Artwork Title: Untitled - Artist Name: Marieke Swart


Marieke Swart, 2016

The symbol of the Afrikaner woman used to be a central focal point of the Afrikaner Culture in the 19th century. Out of this feministic view, the construct of the “Volksmoeder” was created. She represented a historically based role model of what it meant to be a true Afrikaner, namely in the sense of religion, bravery and a love for freedom. Based on the image of idealised womanhood in the 19th century, her most important attributes were her ability and willingness to suffer and sacrifice for her nation, husband and children. This ideology stood in contrast against gender stereotypes of the woman being passive and decorative. Today this construct has been replaced by Christian-Afrikaans feminism. It is the artists aim to explore and expose the ways in which Afrikaner women are accepted in a normative construction of Christian-Afrikaans femininity whereby gender identities of modern Christian-Afrikaans women are regulated and restricted. She explores the Sarie magazines’ representation of women and the influence on identity construction over the years.

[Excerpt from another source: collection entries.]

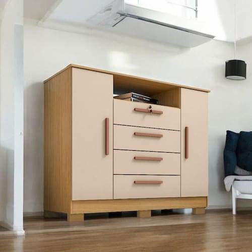 AS IMAGENS SÃO MERAMENTE ILUSTRATIVAS E PODEM SOFRER VARIAÇÕES DE COR E PEQUENOS DETALHES DE ACORDO COM O SEU MONITOR, ILUMINAÇÃO DO AMBIENTE E ATÉ MESMO A SUA PERCEPÇÃO Ãmoda London 2 Portas e 4 Gavetas Carvalho Off White
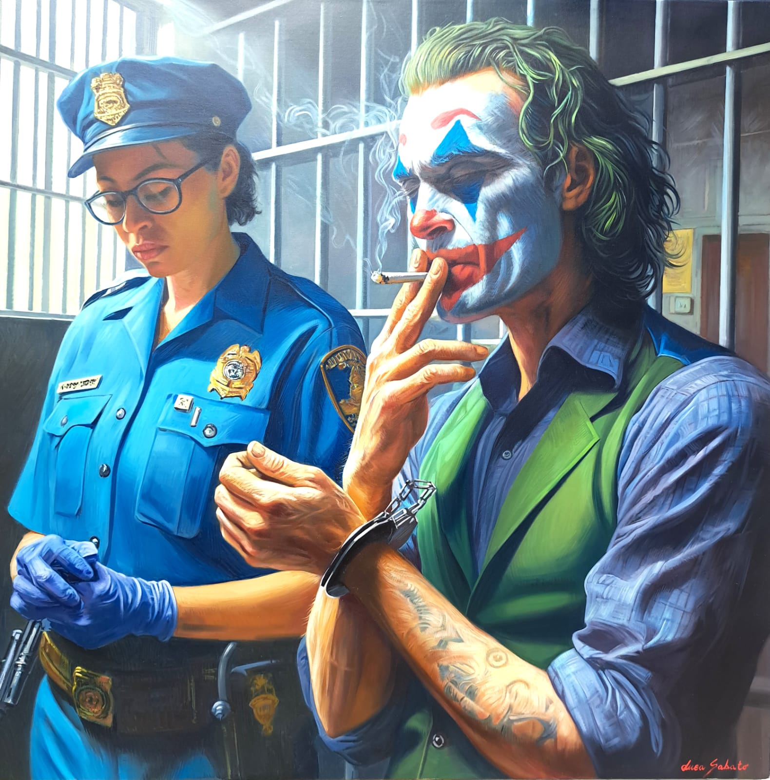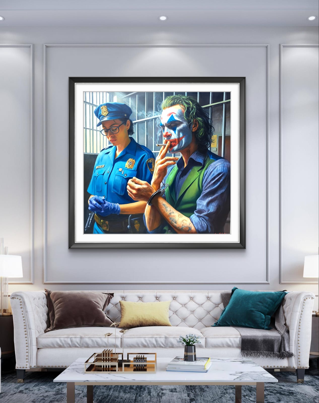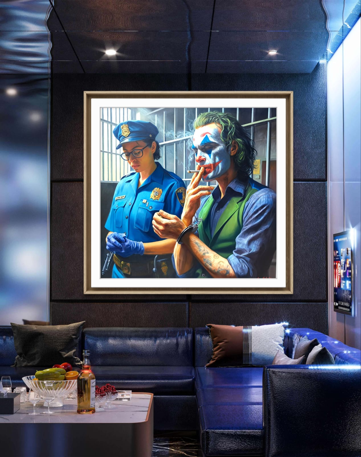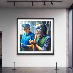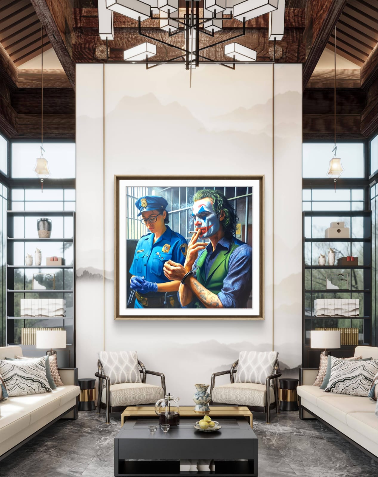 ​Il Joker è colto nel suo rituale: fuma, lasciando che il fumo si frapponga tra lui e l’agente come una cortina beffarda. Nonostante le manette, la sua postura suggerisce una libertà interiore che l’Ordine non può incatenare.
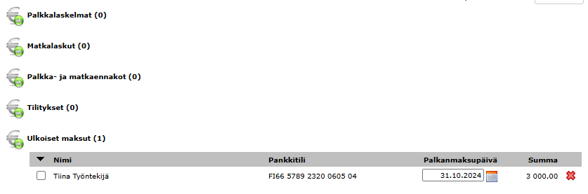 Location in Netvisor: Payroll -> Payroll -> Pay salaries -> External payments

Sarie magazine exposes normative patriarchal myths of femininity, the ideal held up by modern Christian-Afrikaans discourse. The modern woman is seen as a super woman. Fashion prescribes that a woman should be a home-maker, a mother for her children, bring money in and still be seductive to her husband. The artist use sponge as a medium as a representation of the role of women in the household. Sponge has minimal aesthetic qualities and is used in household items like in the stuffing in pillows, upholstery, mattresses and items used to clean. When examining the women featured on the covers of Sarie, there is a clear contrast with women on the cover of the Cosmopolitan magazine, which indicates a visual illustration of a seductive, self-assumed and destructive woman. The myth of the prim and proper Christian-Afrikaans woman suggests prudishness, innocence, purity and dignity. In other words, the Christian-Afrikaans woman contrasts starkly with the sensual, sexually liberal, feminine ideal provided on the Cosmopolitan cover. I specifically referred to Cosmopolitan covers which features Afrikaans women. The most dominant figure used by Cosmo is that of miss SA 2012 Melinda Bam. Sponges are sown to a mannequin like tattooed skin.